Dave Brubeck’s Time Further Out was a revelation. The drum kit sounded spookily real. No stat compression here. It goes from 0 to 90+ dB instantly and louder still if I risk my hearing. The funky track where they clap the weird beat that Brubeck always liked sounded like real people clapping in the room with me.
Early days, I know, but I know enough to realize I’ve been a fool these past few decades to trust “expert” opinion. Nothing matters but your own. These are true American classics, made for 60+ years, and the latest versions sound hugely better than ancient pairs you may have heard at flea markets. The build quality is stunning and the woodwork is gorgeous. The speaker binding posts are very high quality.

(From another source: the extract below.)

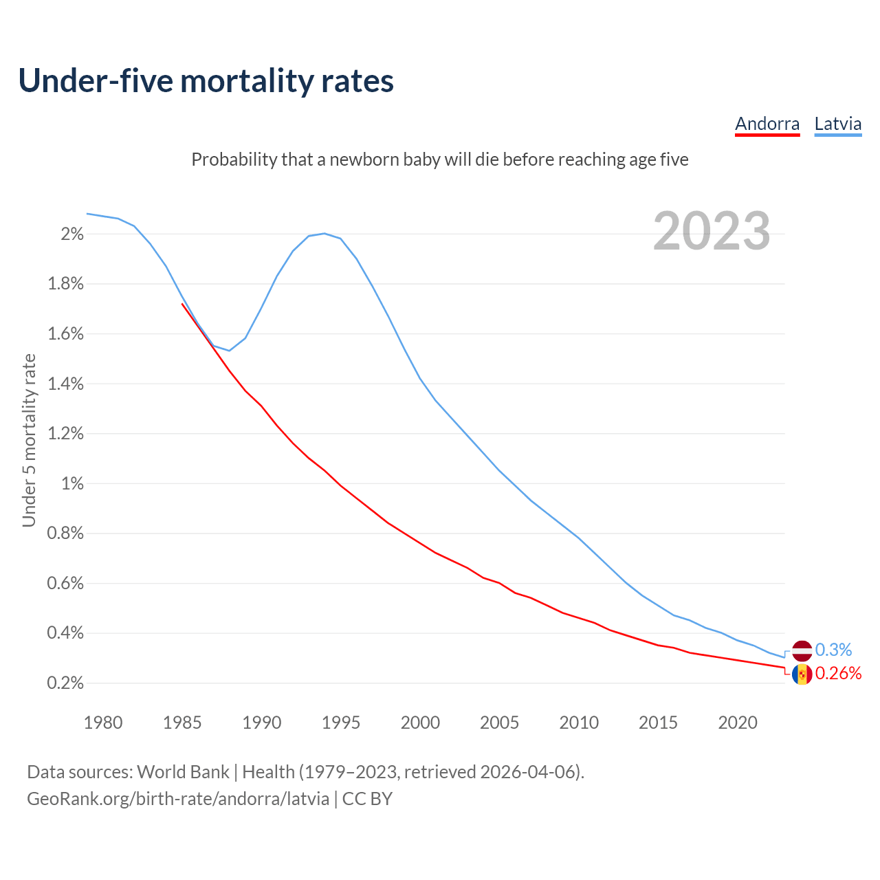 The chance that a newborn baby will die before reaching age five is 0.26% in Andorra and 0.3% in Latvia. Above is a chart with historical data on under-five mortality rates.

I paid ten grand for these. A steal. There are teensy weensy bookshelf audiophile models that sell for more. Yes, they weigh close to 200 pounds each. You need some room. A very good tube amplifier, and matching front end. But these are true classics. Long may the House of Klipsch prevail. As the cartons put it, “Keepers of the Sound”. Well put. Refusing to succumb to the audiophile fashion of teensy weensy slim profile loudspeakers, the La Scalas inhabit their own universe. Try them out. You might be surprised.